While this past year is not how any of us would have expected, the 2020-2021 executive term is ending and it’s time for these WUSA execs to say goodbye. I know everyone at WUSA would agree that is has been an absolute pleasure working with Abbie, Megan, Alana and Nada. We had one final chat with these amazing execs to get the scoop about their time here, their successes and failures, some lessons they’ve learned along the way, as well as and what’s next!
What motivated you to contest for the role and what was going through your head when you found out you won the election?
Abbie: I think August 2019 working with Michael, the former president, on the long range plan and myself and the chair of the board at the time were going around and doing all these consultations with student societies and being able to talk with the societies and talking with students and running these consultations and focus groups on what WUSA should be doing, where WUSA should be, gave me a lot of energy and made me feel like I could make a difference for students just by being part of the drafting process. When it got closer to nominations, I was actually considering running for vice president, student life. And then I met Nada and she was perfect for the role. So, I was like, ok I have a couple options here. I can either run for a different position or bow out. And I decided to run for president so that I could continue working on the long-range plan and continuing that work that I’d already spent so much time on and make some changes to governance that I had experienced when I was a counselor myself in my second year.
Megan: I was motivated to run for this position because I was graduating, so I kind of had the time. Advocacy is also something that I had been kind of doing throughout my undergrad and that I really, really enjoyed. So, I kind of wanted to take the exec position almost like a gap year before diving back into the world of engineering.

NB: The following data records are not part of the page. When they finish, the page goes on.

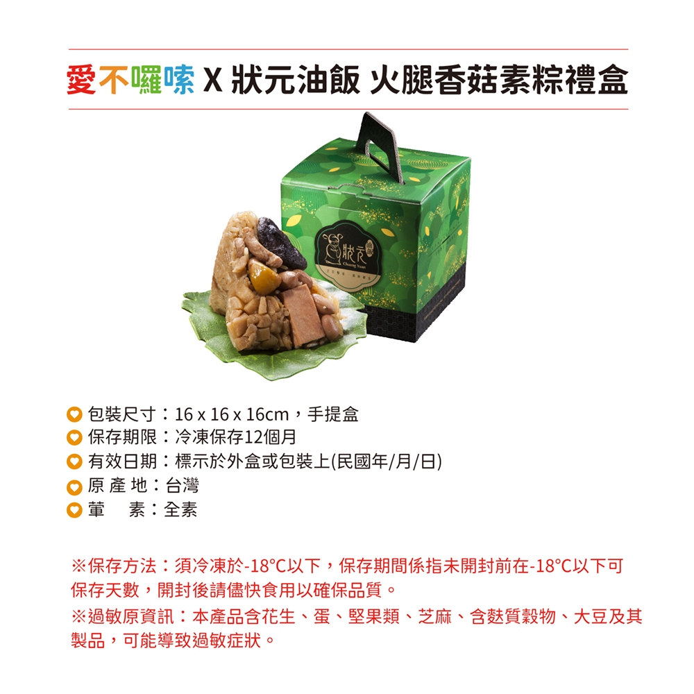 【愛不囉嗦】狀元油飯 火腿香菇素粽禮盒(40入/8盒)宅配免運 手提盒 公益聯名 端午節 全素
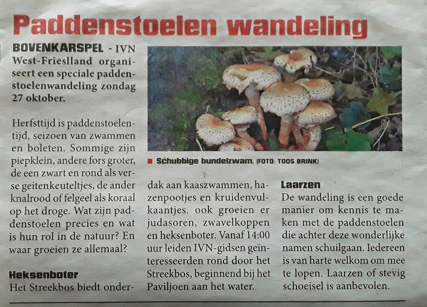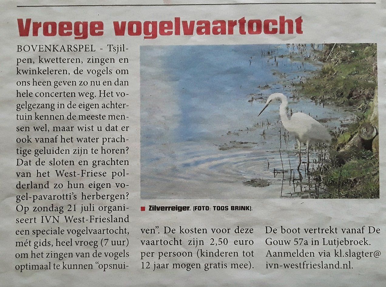 IVN-Westfriesland in 2019 en begin 2020 een kleine honderd persberichten (alsmede een artikel over een jubilerende vrijwilliger in het verenigingsblad) en sinds 2022 af en toe een stukje in de nieuwsbrief van de
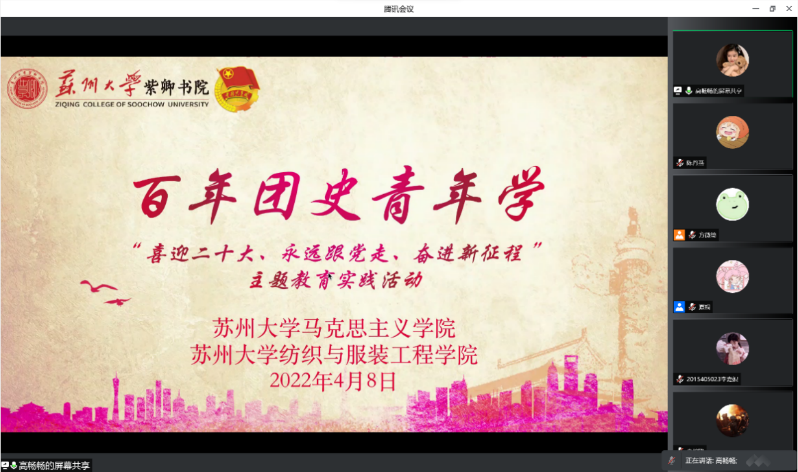48日,91自拍 联合纺织与服装工程学院共同举办“百年团史青年学”主题在线学习活动。本次活动由91自拍 研究生会、纺织与服装工程学院研究生会共同主办,91自拍 研究生第三党支部、纺织与服装工程学院研究生会、青马工程学员、“紫卿领航·强国有我”宣讲团成员、本科研究生各团支部书记、入团积极分子参加了本次活动。活动由纺织与服装工程学院高畅畅同学主持。
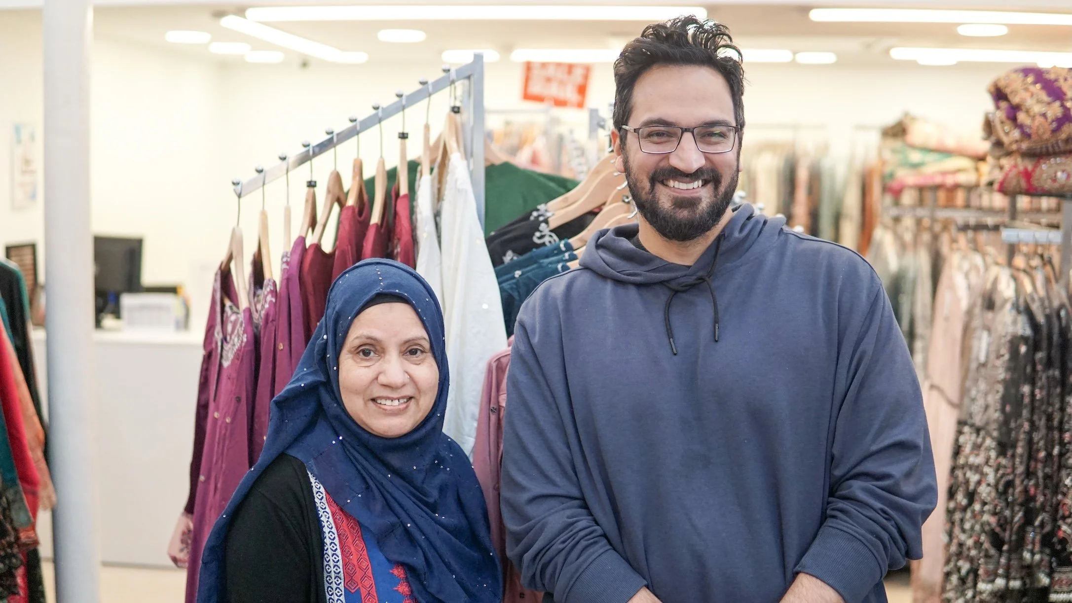 As she listens to the radio, her son Naveed walks around the shop adjusting the dresses, telling me all about the family business. “My mum opened this shop in 1978,” he says proudly, “she started selling fabrics in a bedroom in our house on Daisy Street, so it was a shop by day and a bedroom by night.”
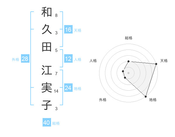和久田 江実子さんの天格は16画の5点
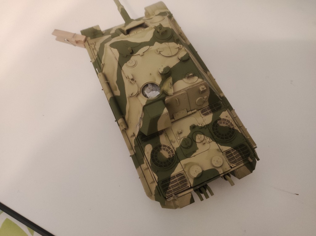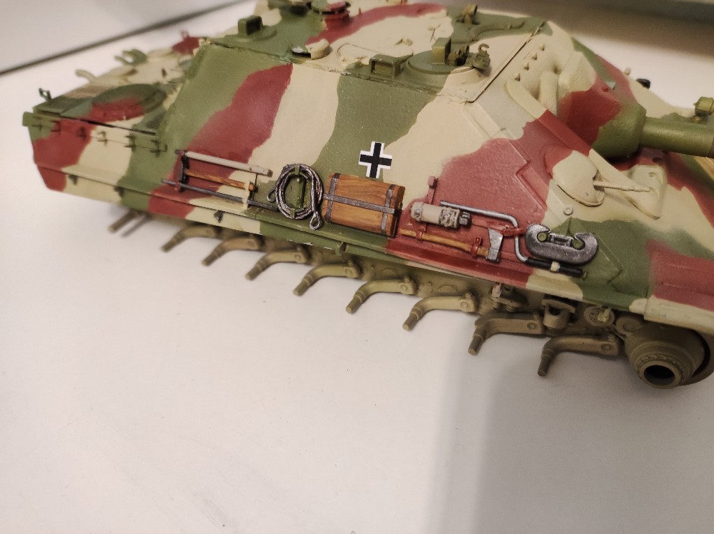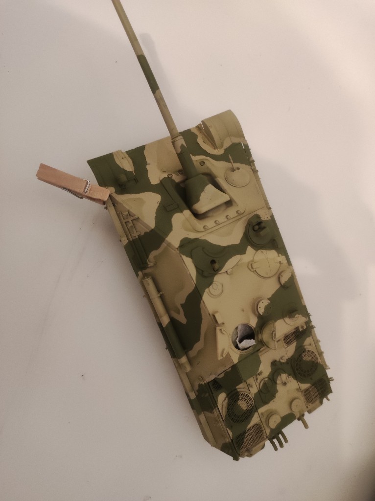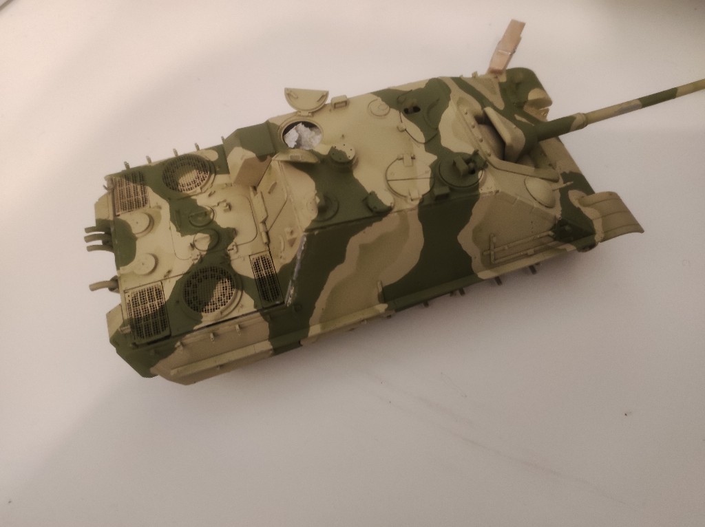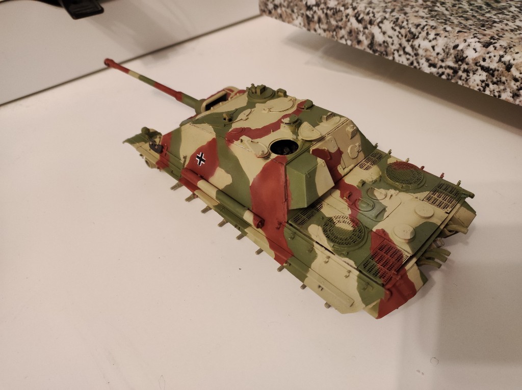 Ich finde die Lackierung ist okey geworden, nicht schlecht aber bestimmt nicht perfekt. Allerdings befinden wir uns in den letzten Tagen des Zweiten Weltkriegs und der Panzer wird auch ein ordentliches Weathering bekommen, weniger Rost, mehr Staub und Ruß.
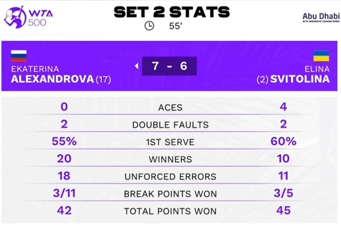 Судьба матча решалась на тай-брейке финальной партии и он вышел максимально интригующим. На этот раз Александрова уходила на переход, ведя 4:2. Она же первой дошла до матчболов при счете 6-5 и 7-6. К счастью, сегодня характер Элины было не сломить, она отдала себя всю и все-таки вырвала победу. Но сама игра немного расстроила, первая серьезная соперница показала, что особого прогресса в игровом плане у Свитолиной в межсезонье все-таки не произошло. Только за счет морально-волевых постоянно побеждать не получится.
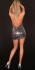 Kort klänning med små små paljetter, öppen rygg och nackkedja.
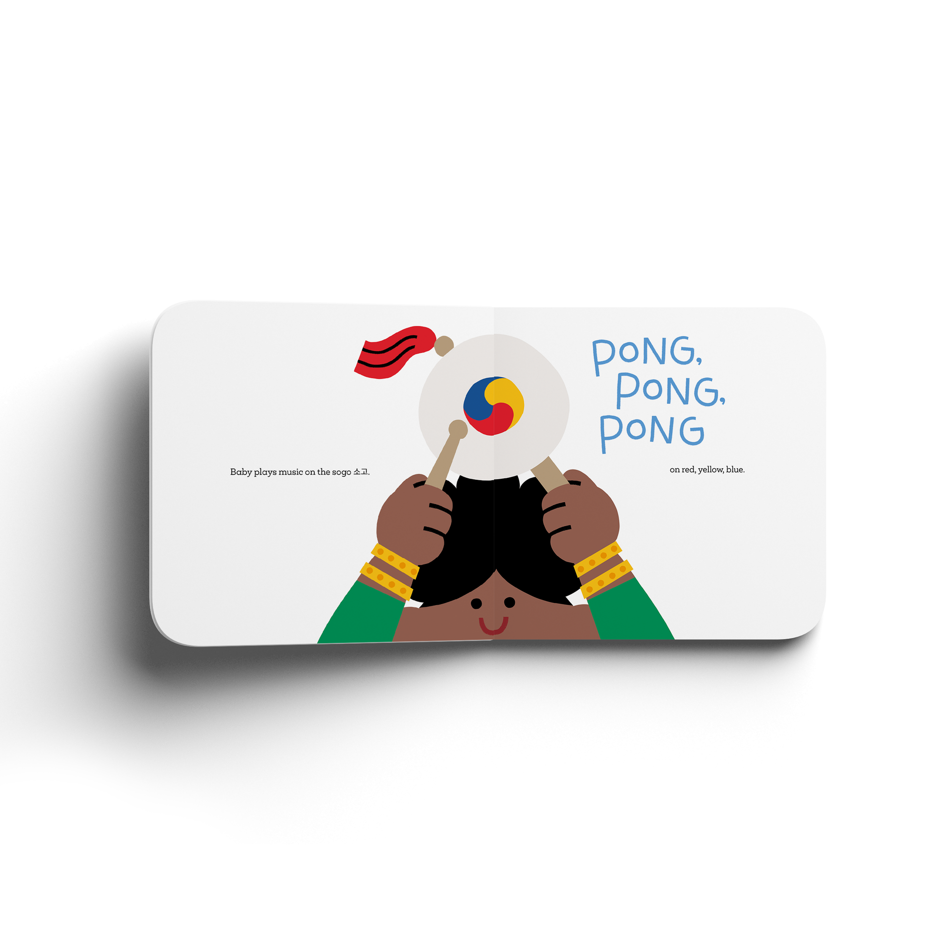 From being carried in a warm podaegi to celebrating Children’s Day to spotting triangles at Bukchon Hanok Village, baby discovers the local culture and traditions of South Korea. Baby Go! South Korea explores colors, shapes, sounds and sensory experiences through travel. Baby is carried in a podaegi 포대기. A quilted blanket to keep baby warm and close.
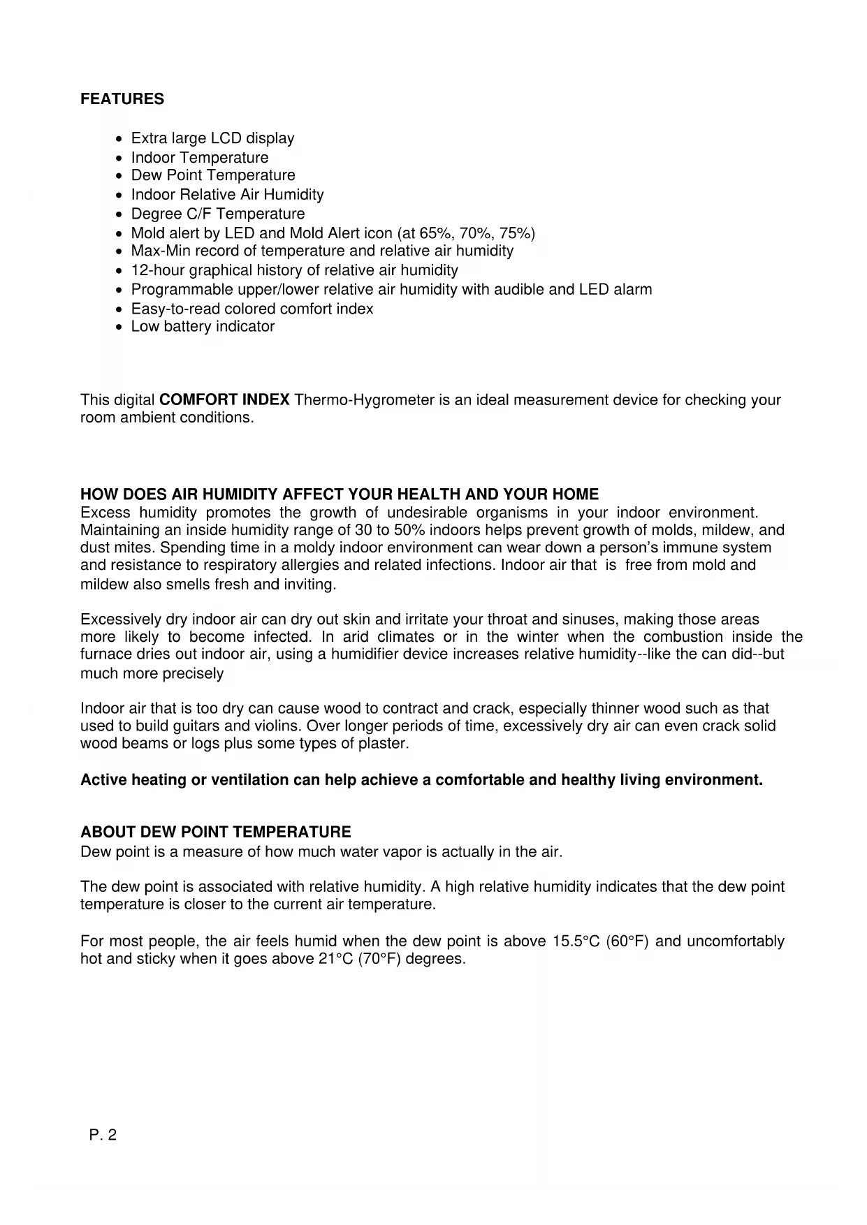 12-HOUR GRAPHICAL HISTORY OF RELATIVE AIR HUMIDITY You could easily view the comfort level of your room conditions in accordance with the last 12-hour relative humidity records. COMFORT LEVEL RELATIVE HUMIDITY TOO WET 81% to 90% WET 61% to 80% COMFORT 41% to 60% DRY 31% to 40% TOO DRY 20% to 30%P. 4
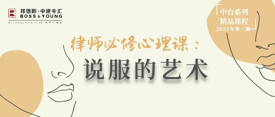 2021年5月24日(周一)18:30,邦信阳中建中汇中台精品课程第三期邀请知名心理学专家钱颖导师,主讲“律师必修心理学:说服的艺术”。
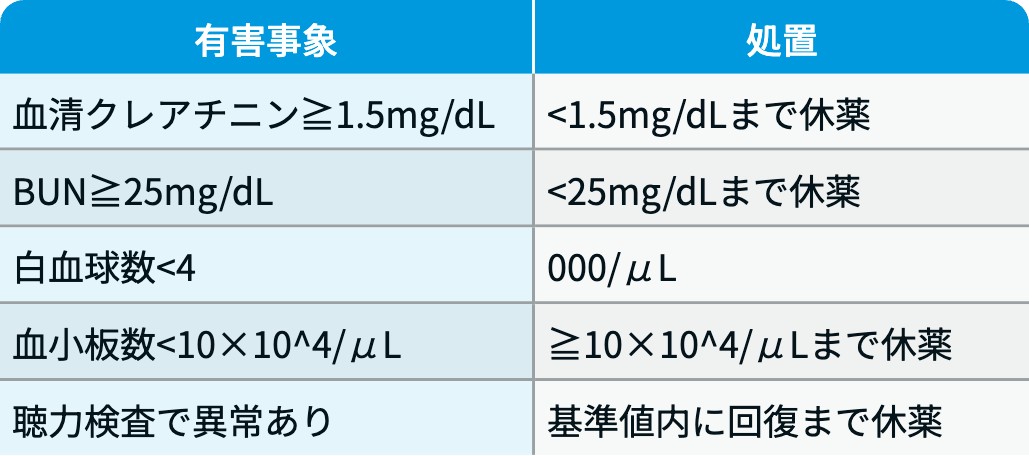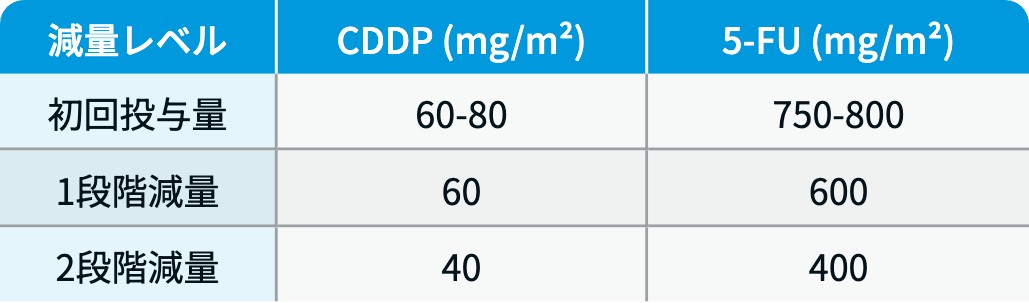 次回投与日までにGrade 0~1まで回復しない副作用が認められた場合は、 以下のとおりFPの減量を行う。 ただし、 5-FUおよびCDDPに個別に設定された休薬基準もあわせて参照すること。
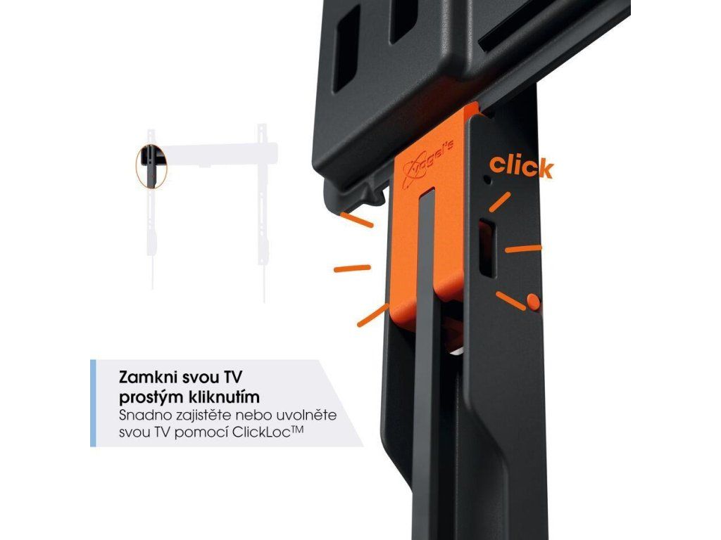 Z televízora, ktorý je štýlovo a bezpečne pripevnený na stene, budete mať väčší pôžitok. A presne to získate s týmto nástenným držiakom série COMFORT Tilt. Bezstarostné sledovanie pre celú rodinu. Vďaka jedinečnému bezpečnostnému systému ClickLoc™ môžete televízor ľahko zamknúť k nástennému držiaku. Počuteľné zaklapnutie vám potvrdí, že je televízor bezpečne zabezpečený na svojom mieste. Na nástennom držiaku sú tiež mäkké podložky. Tie zabraňujú poškriabaniu zadnej strany televízora pri jeho montáži.
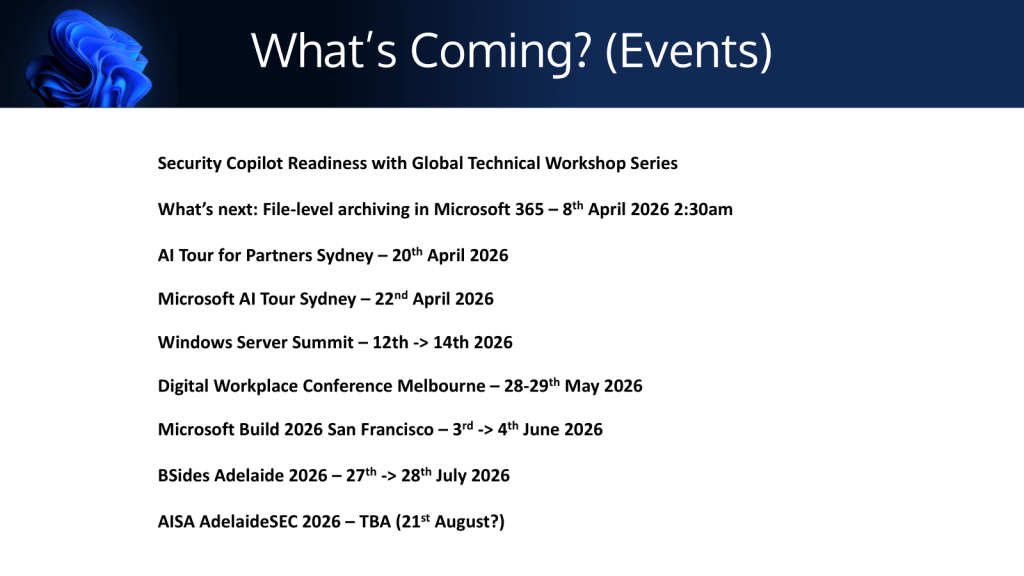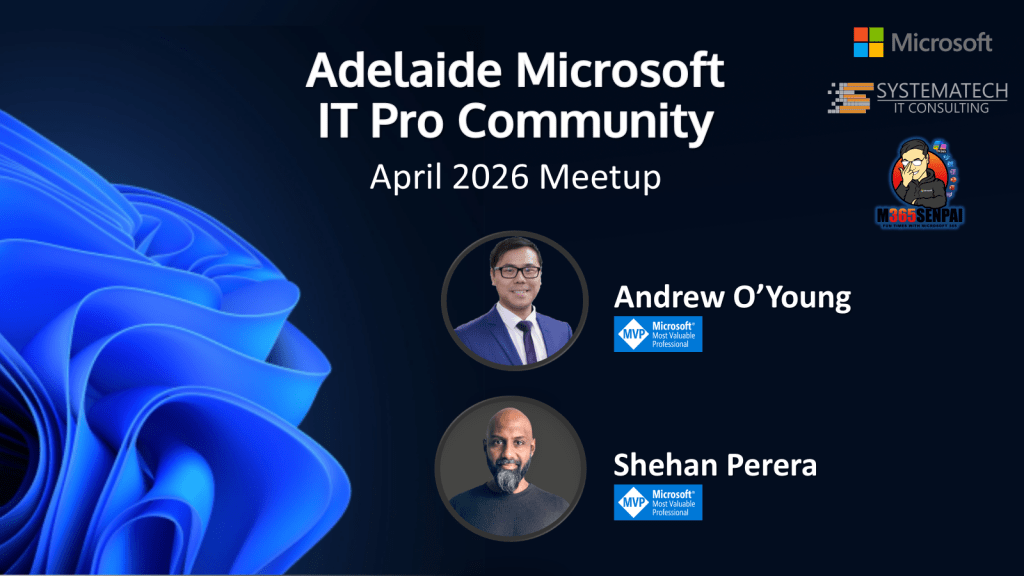 As promised, here are the links and slide decks for the topics covered during the Adelaide Microsoft IT Pro Community User Group Meetup on the 7th April 2026.
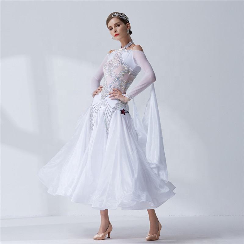 B-19374 de baile de alta gama para mujer, traje de baile moderno estándar, para competición, baile de salón, liso
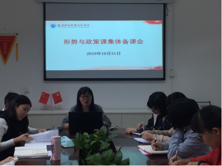 為了進一步實落細集體備課精神,切實提高教師的專業(yè)素養(yǎng)和教學能力,繼續(xù)提升課堂教學質(zhì)量,2019年10月31日上午,形勢與政策教研室在行政樓107室召開集體備課專題會。本次會議由形勢與政策教研室主任丁愛芝主持,馬克思主義學院院長熊美蘭、形勢與政策教研室全體教師參加了備課會。
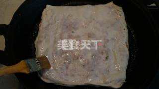 13 中火将饼铛加热,饼铛中刷一点油,将馅饼放在锅中,用羊毛刷在表坊队蒸面再炼筝刷一层油
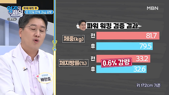 파워워킹을 하기 전, 배한호 의사의 체지방률은 무려 33.2%!
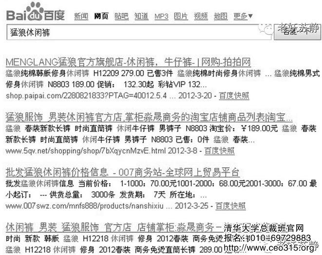 比如我們在索引擎框里填上猛狼休閑褲,就能跳出一串相關信息。
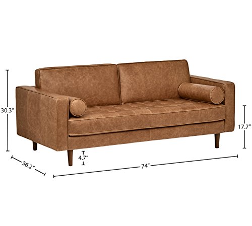 Details: This sleek, mid-Century inspired leather sofa is designed to impress. A tufted bench seat cushion, plush back cushions, tapered wood legs, and tidy bolster pillows provide just the right mix of comfort and contemporary edge.
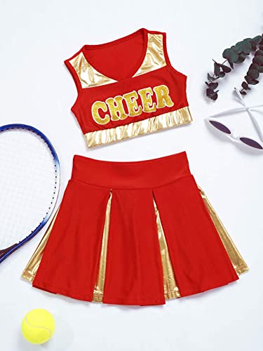 CHICTRY Costume Cheer-leader Bambina Uniforme Scuola Vestito da Cheerleading Crop Top con Gonna a Pieghe Football Americano Cosplay Travestimenti Costume di Halloween Festa Rosso B 10 anni
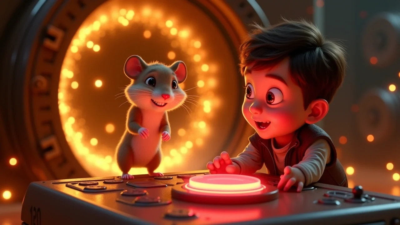 Мы влетели прямо в открытый люк Пылесоса. Внутри всё сверкало и гудело: «Бззз-миу-миу!». Прямо перед нами на панели управления сияла ОНА — огромная, блестящая, красная кнопка с надписью «Сверх-смех: нажимать только в случае крайней скуки».

Alana: I’ve worked for WUSA for six years now this May. I started as a host at Bomber and I worked my way up to accounting in commercial operations administrative assistant. This felt like my natural next available step to increase my contribution to the organization and Nada found Abbie and made that connection. There were a few times when Nada came up to my desk with a fellow coworker and was like, “you should run for VP of Operations and Finance with us”. And I said, “no, that sounds scary, I don’t know.” And then they did it over and over, like almost every day and so I was like, ok, you know what, maybe I can do this. And then I met with Abbie and Nada and we talked about it and then I felt a bit better and more capable, here we are now.
How has the role changed you and what would you say is your biggest achievement during your term?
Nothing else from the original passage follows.